The purpose of the present study is to modify the polyethylene terephthalate ligament with hydroxyapatite via biomineralization and to investigate its effect on graft-bone healing. After biomineralization of hydroxyapatite, the surface characterization of polyethylene terephthalate ligament was examined by scanning electron microscopy, Fourier transform infrared spectroscopy, X-ray diffraction, and water contact angle measurements. The compatibility and osteoinduction, along with the underlying signaling pathway involved of hydroxyapatite-polyethylene terephthalate ligament, were evaluated in vitro. Moreover, a rabbit anterior cruciate ligament reconstruction model was established, and the polyethylene terephthalate or hydroxyapatite-polyethylene terephthalate artificial ligament was implanted into the knee. The micro-computed tomography analysis, histological, and immunohistochemical examination as well as biomechanical test were performed to investigate the effect of hydroxyapatite coating in vivo. The results of scanning electron microscopy, Fourier transform infrared spectroscopy, and X-ray diffraction showed that the hydroxyapatite was successfully deposited on the polyethylene terephthalate ligament. Water contact angle of the hydroxyapatite-polyethylene terephthalate group was significantly smaller than that of the polyethylene terephthalate group. The in vitro study showed that hydroxyapatite coating significantly improved adhesion and proliferation of MC3T3-E1 cells. The osteogenic differentiation of cells was also enhanced through the activation of ERK1/2 pathway. The micro-computed tomography, histological, and immunohistochemical results showed that biomineralization of hydroxyapatite significantly promoted new bone and fibrocartilage tissue formation at 12 weeks postoperatively. Moreover, the failure load and stiffness in the hydroxyapatite-polyethylene terephthalate group were higher than that in the polyethylene terephthalate group. Therefore, biomineralizaion of hydroxyapatite enhances the biocompatibility and osseointegration of the polyethylene terephthalate artificial ligament, thus promoting graft-bone healing for anterior cruciate ligament reconstruction through the activation of ERK1/2 pathway.

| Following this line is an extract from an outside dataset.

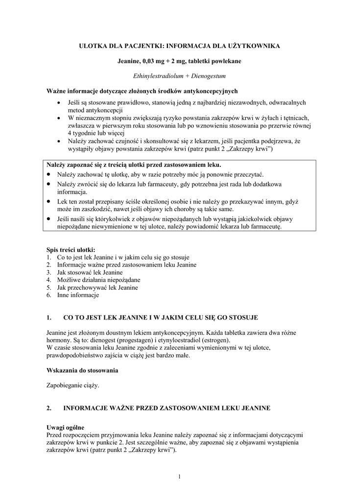 ULOTKA DLA PACJENTKI: INFORMACJA DLA UŻYTKOWNIKA Jeanine, 0,03 mg + 2 mg, tabletki powlekane Ethinylestradiolum + Dienogestum Ważne informacje dotyczące złożonych środków antykoncepcyjnych • • • Jeśli są stosowane prawidłowo, stanowią jedną z najbardziej niezawodnych, odwracalnych metod antykoncepcji W nieznacznym stopniu zwiększają ryzyko powstania zakrzepów krwi w żyłach i tętnicach, zwłaszcza w pierwszym roku stosowania lub po wznowieniu stosowania po przerwie równej 4 tygodnie lub więcej Należy zachować czujność i skonsultować się z lekarzem, jeśli pacjentka podejrzewa, że wystąpiły objawy powstania zakrzepów krwi (patrz punkt 2 „Zakrzepy krwi”) Należy zapoznać się z treścią ulotki przed zastosowaniem leku. • Należy zachować tę ulotkę, aby w razie potrzeby móc ją ponownie przeczytać. • Należy zwrócić się do lekarza lub farmaceuty, gdy potrzebna jest rada lub dodatkowa informacja. • Lek ten został przepisany ściśle określonej osobie i nie należy go przekazywać innym, gdyż może im zaszkodzić, nawet jeśli objawy ich choroby są takie same. • Jeśli nasili się którykolwiek z objawów niepożądanych lub wystąpią jakiekolwiek objawy niepożądane niewymienione w tej ulotce, należy powiadomić lekarza lub farmaceutę. Spis treści ulotki: 1. Co to jest lek Jeanine i w jakim celu się go stosuje 2. Informacje ważne przed zastosowaniem leku Jeanine 3. Jak stosować lek Jeanine 4. Możliwe działania niepożądane 5. Jak przechowywać lek Jeanine 6. Inne informacje 1. CO TO JEST LEK JEANINE I W JAKIM CELU SIĘ GO STOSUJE Jeanine jest złożonym doustnym lekiem antykoncepcyjnym. Każda tabletka zawiera dwa różne hormony. Są to: dienogest (progestagen) i etynyloestradiol (estrogen). W czasie stosowania leku Jeanine zgodnie z zaleceniami wymienionymi w tej ulotce, prawdopodobieństwo zajścia w ciążę jest bardzo małe. Wskazania do stosowania Zapobieganie ciąży. 2. INFORMACJE WAŻNE PRZED ZASTOSOWANIEM LEKU JEANINE Uwagi ogólne Przed rozpoczęciem przyjmowania leku Jeanine należy zapoznać się z informacjami dotyczącymi zakrzepów krwi w punkcie 2. Jest szczególnie ważne, aby zapoznać się z objawami wystąpienia zakrzepów krwi (patrz punkt 2 „Zakrzepy krwi”). 1 Kiedy nie stosować leku Jeanine: Nie należy stosować leku Jeanine, jeśli u pacjentki występuje jakikolwiek z wymienionych poniżej stanów. Jeśli u pacjentki występuje jakikolwiek z wymienionych poniżej stanów, należy poinformować o tym lekarza. Lekarz omówi z pacjentką, jaki inny środek zapobiegania ciąży będzie bardziej odpowiedni. • • • • • • • • • • • • • jeżeli występuje nadwrażliwość (uczulenie) na etynyloestradiol lub dienogest bądź którykolwiek z pozostałych składników leku Jeanine; jeśli u pacjentki obecnie występuje (lub kiedykolwiek występował) zakrzep krwi w naczyniach żylnych nóg (zakrzepica żył głębokich), w płucach (zatorowość płucna) lub w innych organach; jeśli pacjentka wie, że ma zaburzenia wpływające na krzepliwość krwi - na przykład niedobór białka C, niedobór białka S, niedobór antytrombiny III, obecność czynnika V Leiden lub przeciwciał antyfosfolipidowych; jeśli pacjentka wymaga zabiegu chirurgicznego lub nie będzie chodziła przez długi czas (patrz punkt „Zakrzepy krwi”. jeśli pacjentka przeszła zawał mięśnia sercowego lub udar; jeśli pacjentka choruje (lub chorowała w przeszłości) na dusznicę bolesną (choroba, która powoduje silny ból w klatce piersiowej i może być pierwszym objawem zawału mięśnia sercowego) lub przemijający napad niedokrwienny (przemijające objawy udaru); jeśli pacjentka choruje na jakąkolwiek z poniższych chorób, które mogą zwiększać ryzyko powstania zakrzepu w tętnicy: o ciężka cukrzyca z uszkodzeniem naczyń krwionośnych o bardzo wysokie ciśnienie krwi; o bardzo wysokie stężenie tłuszczów we krwi (cholesterolu lub triglicerydów). o chorobę nazywaną hiperhomocysteinemią jeśli u pacjentki występuje (lub występował w przeszłości) rodzaj migreny nazywany „migreną z aurą”; jeżeli w przeszłości występowała lub obecnie występuje ciężka choroba wątroby (do momentu powrotu wyników prób czynnościowych wątroby do prawidłowych wartości); jeżeli w przeszłości występowały lub obecnie występują łagodne bądź złośliwe nowotwory wątroby; jeżeli stwierdzono obecnie lub w przeszłości nowotwór hormonozależny (nowotwór piersi lub narządów płciowych); jeżeli występują krwawienia z dróg rodnych, o nieznanej przyczynie; jeżeli stwierdzono ciążę lub podejrzewa się ciążę. Jeżeli jakikolwiek z wymienionych objawów wystąpi po raz pierwszy w czasie przyjmowania leku Jeanine, lek należy natychmiast odstawić i zwrócić się do lekarza. W tym czasie stosuje się niehormonalne metody zapobiegania ciąży. Kiedy zachować szczególną ostrożność stosując lek Jeanine: Kiedy należy skontaktować się z lekarzem? Należy natychmiast zgłosić się do lekarza - jeśli pacjentka zauważy prawdopodobne objawy wystąpienia zakrzepów krwi, co może wskazywać na to, że pacjentka ma zakrzepy krwi w nodze (zakrzepica żył głębokich), zakrzepy krwi w płucach (zatorowość płucna), zawał serca lub udar (patrz punkt poniżej „Zakrzepy krwi (zakrzepica)”. W celu uzyskania opisu objawów wymienionych poważnych działań niepożądanych, patrz „Jak rozpoznać powstanie zakrzepów krwi”. 2 Jeżeli stosuje się doustne leki antykoncepcyjne w którymkolwiek z wymienionych poniżej przypadków, konieczna jest szczególna i systematyczna kontrola lekarska. Należy powiedzieć lekarzowi, jeśli u pacjentki występuje jakikolwiek z następujących stanów. Jeśli objawy te pojawią się lub pogorszą w czasie stosowania leku Jeanine, również należy powiedzieć o tym lekarzowi. • • • • • • • • • • • • •

本研究的目的是通过生物矿化用羟基磷灰石改性聚对苯二甲酸乙二醇酯韧带，并研究其对移植骨愈合的影响。在羟基磷灰石生物矿化后，聚对苯二甲酸乙二醇酯韧带的表面特征通过扫描电子显微镜、傅里叶变换红外光谱、X 射线衍射和水接触角测量进行了检查。在体外评估了相容性和骨诱导，以及涉及羟基磷灰石-聚对苯二甲酸乙二醇酯韧带的潜在信号通路。此外，建立兔前交叉韧带重建模型，将聚对苯二甲酸乙二醇酯或羟基磷灰石-聚对苯二甲酸乙二醇酯人工韧带植入膝关节。显微计算机断层扫描分析，进行组织学和免疫组织化学检查以及生物力学测试以研究羟基磷灰石涂层的体内效果。扫描电镜、傅里叶变换红外光谱和X射线衍射结果表明羟基磷灰石成功沉积在聚对苯二甲酸乙二醇酯韧带上。羟基磷灰石-聚对苯二甲酸乙二醇酯组的水接触角明显小于聚对苯二甲酸乙二醇酯组。体外研究表明羟基磷灰石涂层显着改善了MC3T3-E1细胞的粘附和增殖。细胞的成骨分化也通过激活 ERK1/2 通路得到增强。显微计算机断层扫描、组织学、免疫组化结果显示，羟基磷灰石的生物矿化显着促进了术后 12 周新骨和纤维软骨组织的形成。此外，羟基磷灰石-聚对苯二甲酸乙二醇酯组的破坏载荷和刚度高于聚对苯二甲酸乙二醇酯组。因此，羟基磷灰石的生物矿化增强了聚对苯二甲酸乙二醇酯人工韧带的生物相容性和骨整合，从而通过激活ERK1/2通路促进了前交叉韧带重建的移植骨愈合。羟基磷灰石-聚对苯二甲酸乙二醇酯组的破坏载荷和刚度高于聚对苯二甲酸乙二醇酯组。因此，羟基磷灰石的生物矿化增强了聚对苯二甲酸乙二醇酯人工韧带的生物相容性和骨整合，从而通过激活ERK1/2通路促进了前交叉韧带重建的移植骨愈合。羟基磷灰石-聚对苯二甲酸乙二醇酯组的破坏载荷和刚度高于聚对苯二甲酸乙二醇酯组。因此，羟基磷灰石的生物矿化增强了聚对苯二甲酸乙二醇酯人工韧带的生物相容性和骨整合，从而通过激活ERK1/2通路促进了前交叉韧带重建的移植骨愈合。